This project applies Unsupervised Machine Learning to segment retail customers based on their purchasing behavior. By analyzing annual income and spending patterns, I identified five distinct customer "personas," enabling businesses to transition from mass marketing to highly personalized, data-driven strategies.
- Language: Python
- Libraries: Scikit-Learn, Pandas, Matplotlib, Seaborn
- Algorithm: K-Means Clustering
- Data Source: Mall Customer Segmentation dataset (Local .csv).
- Feature Selection: Focused on
Annual Income (k$)andSpending Score (1-100)to map behavioral segments. - Optimization: Implemented the
k-means++initialization method to ensure faster convergence and avoid suboptimal clustering.
1. Determining Optimal Clusters (The Elbow Method)
To find the mathematical "sweet spot" for the number of clusters, I calculated the Within-Cluster Sum of Squares (WCSS) for 1 to 10 clusters.

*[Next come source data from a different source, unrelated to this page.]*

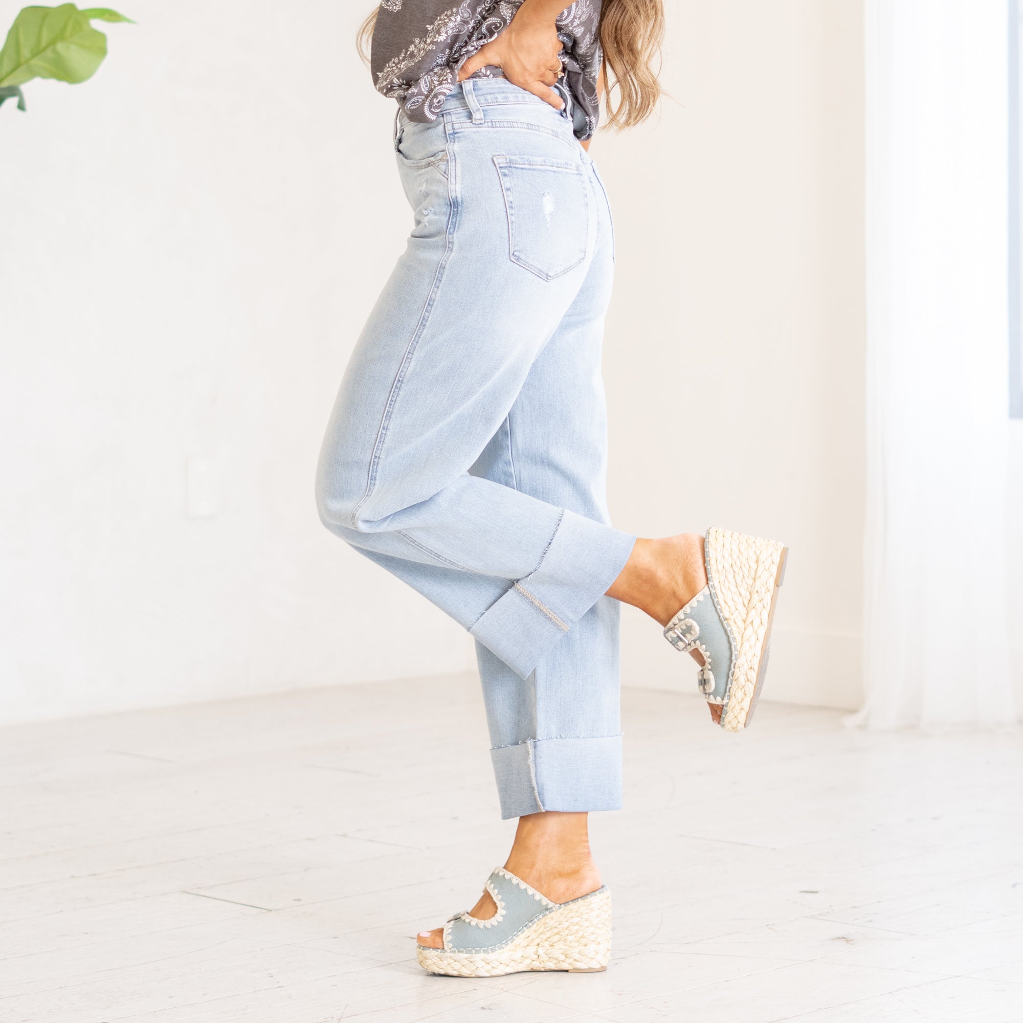 - Rigid denim = size up for a relaxed fit in the waist.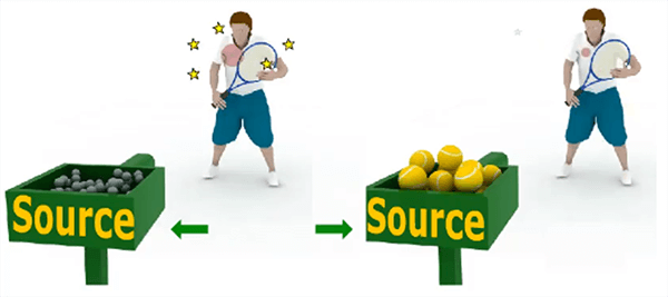 As shown in phase 2, only 1 of the 3 falling apples hits the girl’s shoulder. This apple represents the radiation that is transferred to the irradiated tissue represented by the girl’s shoulder. This explains the concept of the Absorbed Dose.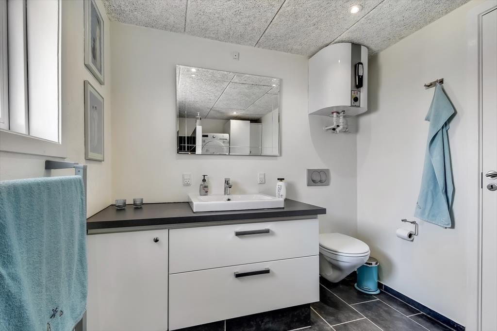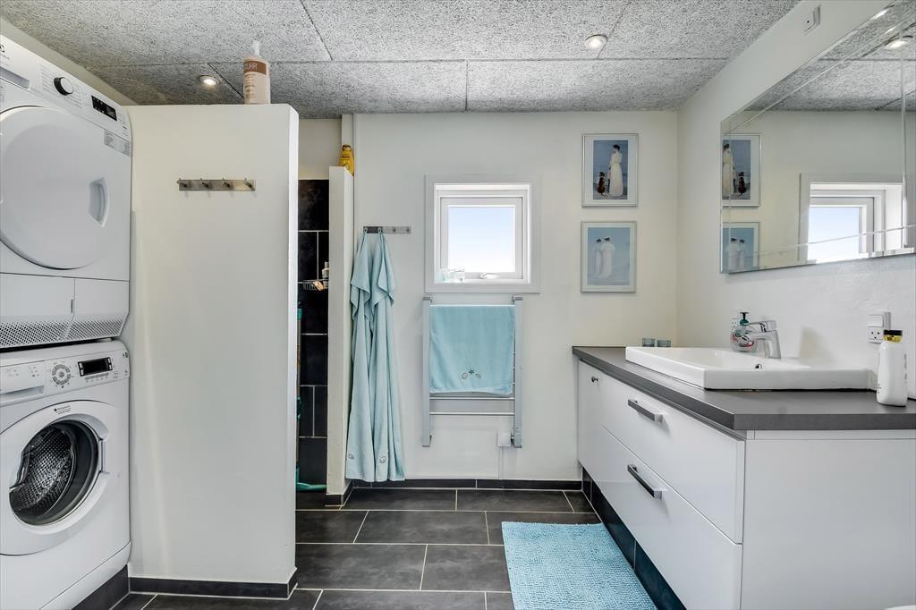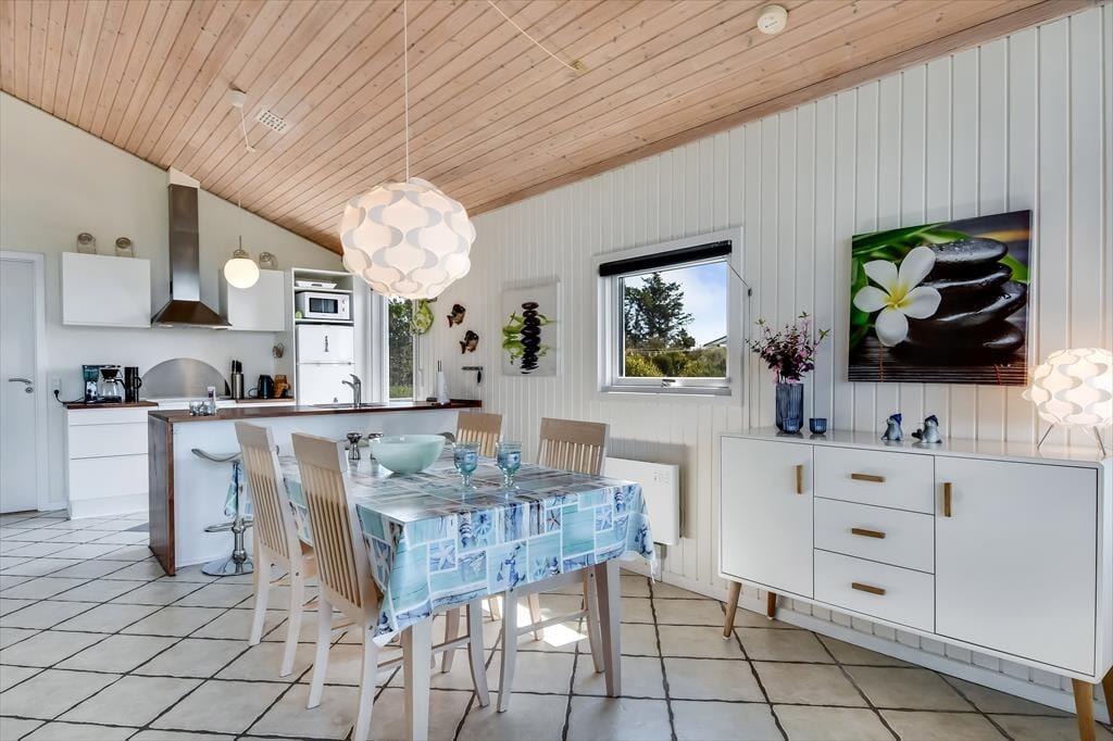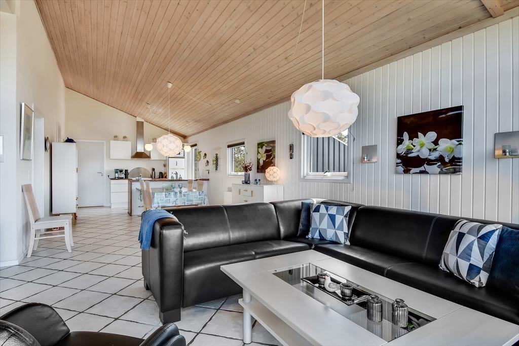 Når du træder ind i sommerhuset, mødes du af en rummelig stue med komfortable møbler og en knitrende brændeovn, der skaber en varm og hyggelig stemning på kølige aftener. Det åbne køkken gør det nemt at tilberede lækre feriemåltider, som kan nydes sammen med familien omkring spisebordet. De tre soveværelser er indrettet med behagelige senge, der sikrer en god nats søvn efter en dag fuld af oplevelser. Badeværelset er lyst og har gulvvarme, så du kan starte dagen med en behagelig temperatur under fødderne.

Analysis: The "elbow" clearly forms at k=5, indicating that adding more clusters beyond this point provides diminishing returns in explaining data variance.
2. Customer Persona Visualization
The final model successfully grouped 200 customers into five behavioral segments.
Strategic Personas Identified:
- 🔴 Sensible: High Income, Low Spending (Target for high-value savings/investments).
- 🔵 Standard: Average Income, Average Spending (The stable core customer base).
- 🟢 Target/Whales: High Income, High Spending (Primary targets for luxury loyalty programs).
- 🟡 Careless: Low Income, High Spending (High-engagement, impulse buyers).
- 🟣 Miser: Low Income, Low Spending (Highly price-sensitive shoppers).